The impossibility of asking a deceased person what their real intentions were makes the value of these being clear before death quite obvious, as a recent case shows.
It involved an elderly widow who died in 2016. After her death, her family discovered an envelope containing a copy of a will dated 2008 and an unsigned draft of the will which her solicitors had prepared for her. The original could not be found, however. She had added a codicil to the will in 2010 and the original codicil was found in the envelope. At the time the codicil was made, the copy of the will had been endorsed by the firm of solicitors to the effect that it was a true copy of the original will. The codicil replaced one executor with another but made no other change.
The problem was, as the judge hearing the case put it, that ‘if a will was last traced to the possession of the testator and is not forthcoming at his death, there is, prima facie, a presumption, in the absence of circumstances tending to a contrary conclusion, that the testator destroyed it with the intention to revoke it’.
Were the will to be revoked, the woman’s estate would be distributed differently between family members, as the rules of intestacy would apply. It was claimed by some family members that she had destroyed the will on purpose, with the intention of revoking it. In practical terms, the main protagonists in the dispute were arguing over the difference between a one-third share in the woman’s estate and a one-quarter share.

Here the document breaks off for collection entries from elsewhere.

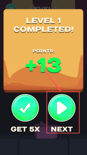 4、完成领奖:显示LEVEL 1 COMPLETED! POINTS:+13,点击GET5X NEXT进入下一关。
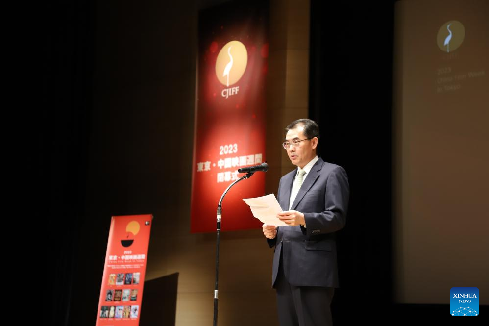 Wu Jianghao, Chinese ambassador to Japan, addresses the closing ceremony of the China Film Week of the 36th Tokyo International Film Festival (TIFF) in Tokyo, Japan, Oct. 24, 2023. The China Film Week of the 36th TIFF has concluded, with the Golden Crane Awards ceremony held in Tokyo on Tuesday. (Xinhua/Ouyang Dina)
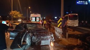 Kocaeli’nin Gebze ilçesinde sürücüsünün direksiyon hakimiyetini kaybettiği otomobil bariyerlere çarptı. Yaşanan feci kazada araçta yolcu olarak bulunan Dilovası Belediyesi Başkan Yardımcısı Sinan Yaşar yaralandı, otomobil ise kullanılamaz hale geldi.
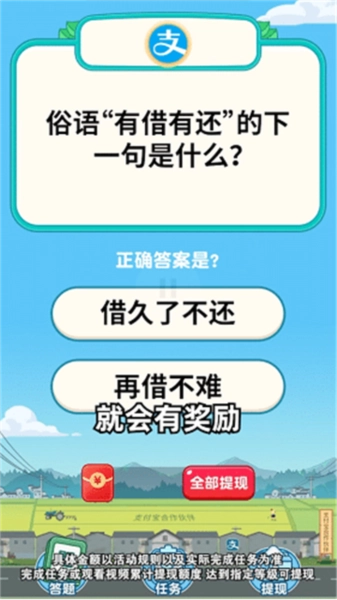 1在开心答题宝中,答对越多成语,就能拿到越多红包,这可是实实在在能领红包的游戏。

The judge commented, “The estate is not large, in money terms the difference in outcome may well be disproportionate to the costs involved but it is a sad fact that, in claims over the division of an estate, like many boundary disputes, the quest for a solution based on commercial pragmatism is not given the weight it may deserve.”
After considering the evidence, the judge ruled that the certified copy of the will should stand, there being insufficient evidence that the woman had intentionally destroyed the will to revoke it.